As the stablecoin market continues to expand, governments and international organizations around the world have begun to introduce relevant policies to regulate and supervise the development of stablecoins. This article will briefly outline the current regulatory dynamics of stablecoins in major regions globally.
United States
As one of the main markets for stablecoin development, the regulatory policies in the United States are quite complex, involving multiple regulatory agencies. The Securities and Exchange Commission (SEC) may classify certain stablecoins as securities, requiring them to comply with relevant provisions of the Securities Act. The Office of the Comptroller of the Currency (OCC) has proposed allowing national banks and federal savings associations to provide services to stablecoin issuers, but they must strictly adhere to anti-money laundering and compliance requirements.
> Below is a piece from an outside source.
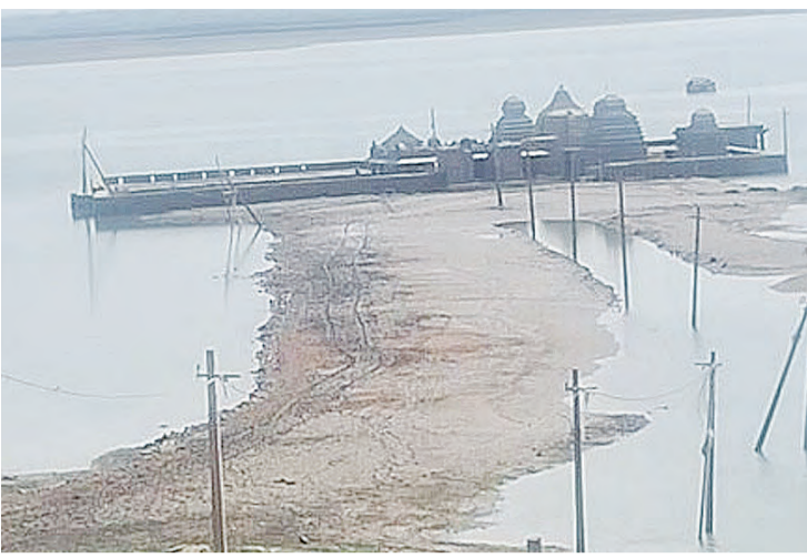
బయరదనీరు ఉంటుందన్నారు. 23వ తేదీ జరిగే అవకాశం ఉంది అలయ పురోహితులు సోమవారానికి సంగమేశ్వరాలయానికి తోలిపూజ వివరించారు.

కొత్తపల్లి, మార్చి 20, ప్రభాతవార్త: శ్రీలైల జలాశయ నీటిపట్టు క్రమంగా తగ్గడంతో సంగమేశ్వర గర్భాలయం బయటపడింది. నీటిలో బయటపైన వివరాలు, ఇతర దేవతల మూర్తుల అలయ పురోహితరుల తెలవజేయ రఘురామేశ్వర ప్రత్యేక పూజలు నిర్వహించి మంగళహారతులు ఇచ్చారు. శుక్రవారం శ్రీలైల జలాశయం నీటిపట్టు 839 అడుగులకు చేరింది. అలయ ప్రహారీ లోపల ఉండే రెండు అడుగుల నీళ్లు బయటకు వెళ్లితే శ్రీలైల జలాశయంలో 837 అడుగులకు చేరుకుంటే వేపదారి శివలింగం దర్శనభాగ్యం కలుగుతుందని ఆయన తెలిపారు. ఎండల తీవ్రతకు క్రమంగా ఎగువ ఉపామహేశ్వర అలయం నుంచి దిగువ ఉపామహేశ్వర అలయం రూపాంతరం చెందనున్నట్లు ప్రాచీన సంగమేశ్వరాలయం శుభ్రం చేస్తామన్నారు. అంతరకు అలయంలో అలయప్రాకారంలో

Currently, the U.S. Congress is discussing legislative proposals such as the Stablecoin Transparency Act, aimed at establishing a unified regulatory framework for stablecoins.
European Union
The EU's stablecoin regulation is primarily based on the Markets in Crypto-Assets Regulation (MiCA). MiCA categorizes stablecoins into Asset-Referenced Tokens (ART) and Electronic Money Tokens (EMT) and establishes corresponding regulatory requirements. Entities issuing stablecoins must obtain licenses from EU member states and meet specific requirements such as capital reserves and transparency disclosures.
Hong Kong
The Hong Kong Monetary Authority released the main content of the stablecoin regulatory framework in July 2024. The framework requires companies issuing or promoting fiat stablecoins to the public in Hong Kong to obtain a license from the Monetary Authority. Regulatory requirements cover various aspects including reserve asset management, corporate governance, risk control, information disclosure, and anti-money laundering. In addition, Hong Kong has also launched a "sandbox" program for stablecoin issuers to facilitate communication between regulators and the industry. Recently, the Hong Kong government announced the draft "Stablecoin Ordinance" aimed at further improving the regulatory framework for virtual asset activities.
Singapore
Singapore regards stablecoins as digital payment tokens under the Payment Services Act. The issuance and circulation of stablecoins require permission from the Monetary Authority of Singapore (MAS). MAS also provides a regulatory sandbox for startups to test innovative business models related to stablecoins.
Japan
Japan revised the Payment Services Act in 2022, establishing a regulatory framework for stablecoins. Stablecoins fully backed by fiat currency are defined as "electronic payment instruments" (EPI). Only three types of institutions—banks, fund transfer service providers, and trust companies—can issue stablecoins. Institutions wishing to engage in stablecoin-related business must register as electronic payment instrument service providers (EPISP).
Brazil
The Central Bank of Brazil plans to regulate stablecoins and asset tokenization in 2025. In November 2024, the Central Bank proposed a regulatory plan that suggests limiting users from withdrawing stablecoins from centralized exchanges to self-custody wallets. However, this restriction may be lifted if key issues such as transaction transparency are improved.
Conclusion
Regulatory attitudes towards stablecoins around the world are gradually becoming clearer. Whether it is establishing regulatory sandboxes or formulating rules based on the different characteristics of stablecoins, more targeted regulatory policies are expected to be introduced in the future. The cross-border payment sector is likely to become one of the most widely applied scenarios for stablecoins. With the improvement of the regulatory framework, the stablecoin market is expected to achieve more standardized and healthy development.